An aerial view of flooding in Khuzestan province, Iran, April 5, 2019. (Reuters)
An aerial view of flooding in Khuzestan province, Iran, April 5, 2019. (Reuters)

The floods in Iran, which have raged for more than 30 days, have imposed a stifling “siege” on Arab cities in the southwestern regions of the country, forcing some 500,000 people to leave their homes.

The floods, which have headed south, have left devastation in their wake in the Kurdistan, Kermanshah, Lorestan and Ilam provinces. Interior Ministry figures showed that 24 out of 31 provinces have been affected by the flooding.

“The recent floods are unprecedented... 25 provinces and more than 4,400 villages have been affected,” Interior Minister Abdolreza Rahmani Fazli was quoted as saying in parliament by state news agency IRNA on Sunday.
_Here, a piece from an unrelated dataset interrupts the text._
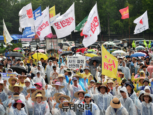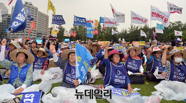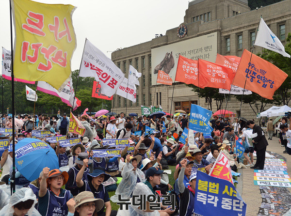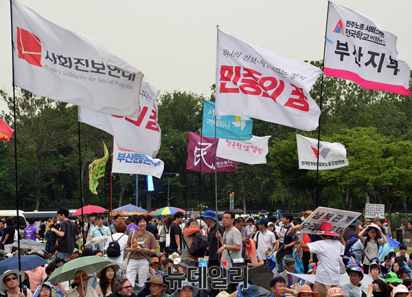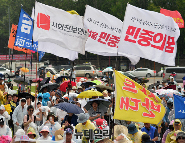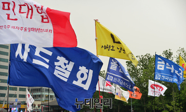 '6.24사드철회 국민평화행동' 집회가 열린 24일 오후 서울광장에 전교조(전국교직원노동조합), 민노총(전국민주노동조합총연맹), 민중의꿈 등 좌파단체 깃발들이 바람에 날리고 있다.

Fazli said the floods had caused around 350 trillion rials ($2.5 billion) worth of damage.

The European Commission said that 11 million Iranians have been affected and Iranian authorities revealed that 76 people were killed. State television said that the rainfall in the country was unprecedented in 300 years.

Political aspect
A week after the western provinces were struck by floods, President Hassan Rouhani headed to the Ahwaz area to inspect the damage. National Security chief Ali Shamkhani had previously warned that Ahwaz was vulnerable to a “humanitarian catastrophe”, speaking of challenges due to the flooding. The governor of Ahwaz, Gholamreza Shariati, denied these claims.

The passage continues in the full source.